# Tips on painting front door



## Lsmcdti (Aug 14, 2015)

Wanting to paint our front door, i think its metal either side and wood in the middle with plastic trim around the windows, house was built late 2016 so your typical new build house door if that helps, anyway, do i remove all old paint, key plastic trim the primer and paint or sand it down and paint on top of current paint? Thanks


----------



## Lsmcdti (Aug 14, 2015)

Also i know it was white when new and the house builders painted it black so it wasn't manufactured the colour it is now, think its a composite door


----------



## packard (Jun 8, 2009)

Any pic ?


----------



## James_R (Jun 28, 2007)

I did this to my front and side door.

They were white, metal skinned, wood core, plastic trims to glass.

I sanded/scotched the finish back, then primed the plastic with a grey plastic primer spray can. Once dry, undercoated the whole door in grey, then glossed in black.

I think we used Dulux Weathershield.

I reckon it must be about 4 or 5 or 6 years on now, and they still look ok.
Not perfect, but mainly very good.

The only place we have a bit of cracking in a couple of places is around the plastic trim.
I'd say pay attention to getting that bit really well prepped, as the main flat pieces of the door are easy to get right.

HTH


----------



## ChrisHGTV (Sep 12, 2019)

We have an old 1930’s front door that we painted with dulux weathershield after the primer.
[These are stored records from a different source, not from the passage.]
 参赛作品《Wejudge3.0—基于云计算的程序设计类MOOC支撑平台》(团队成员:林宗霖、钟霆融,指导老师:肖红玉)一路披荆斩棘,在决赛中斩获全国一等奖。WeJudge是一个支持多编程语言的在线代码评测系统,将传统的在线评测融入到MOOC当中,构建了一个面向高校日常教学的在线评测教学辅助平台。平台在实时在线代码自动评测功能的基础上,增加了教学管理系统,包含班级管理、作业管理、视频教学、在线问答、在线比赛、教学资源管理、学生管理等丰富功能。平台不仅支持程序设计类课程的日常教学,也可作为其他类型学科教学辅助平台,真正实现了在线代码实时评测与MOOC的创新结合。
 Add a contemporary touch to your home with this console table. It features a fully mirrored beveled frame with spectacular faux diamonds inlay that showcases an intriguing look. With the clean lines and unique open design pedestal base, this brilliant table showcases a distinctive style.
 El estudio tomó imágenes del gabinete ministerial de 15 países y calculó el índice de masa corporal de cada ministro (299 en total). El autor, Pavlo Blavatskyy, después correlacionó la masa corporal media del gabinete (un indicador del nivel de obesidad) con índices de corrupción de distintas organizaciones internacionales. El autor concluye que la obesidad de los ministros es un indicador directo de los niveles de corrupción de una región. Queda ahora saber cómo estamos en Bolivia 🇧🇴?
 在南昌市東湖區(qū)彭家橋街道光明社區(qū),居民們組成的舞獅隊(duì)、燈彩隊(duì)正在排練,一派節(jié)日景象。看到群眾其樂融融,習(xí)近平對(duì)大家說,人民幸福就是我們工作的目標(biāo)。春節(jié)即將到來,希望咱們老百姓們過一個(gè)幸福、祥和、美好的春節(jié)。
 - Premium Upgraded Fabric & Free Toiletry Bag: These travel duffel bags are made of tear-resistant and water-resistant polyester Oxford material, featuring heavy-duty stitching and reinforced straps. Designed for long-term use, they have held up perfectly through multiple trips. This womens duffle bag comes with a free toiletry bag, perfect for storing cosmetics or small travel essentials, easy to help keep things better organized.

I found taking the door off and painting it horizontal helped to avoid runs as I found the paint is best laid on quite thick. Once it’s almost touch dry it’s safe to re-hang. I used a hairdryer to speed it up.


----------



## baxlin (Oct 8, 2007)

ChrisHGTV said:


> . I used a hairdryer to speed it up.


Another tip, spray and wipe with Mr Sheen or the like before closing a newly painted door or window. Stops it sticking. Make sure it's after the final coat though!!


----------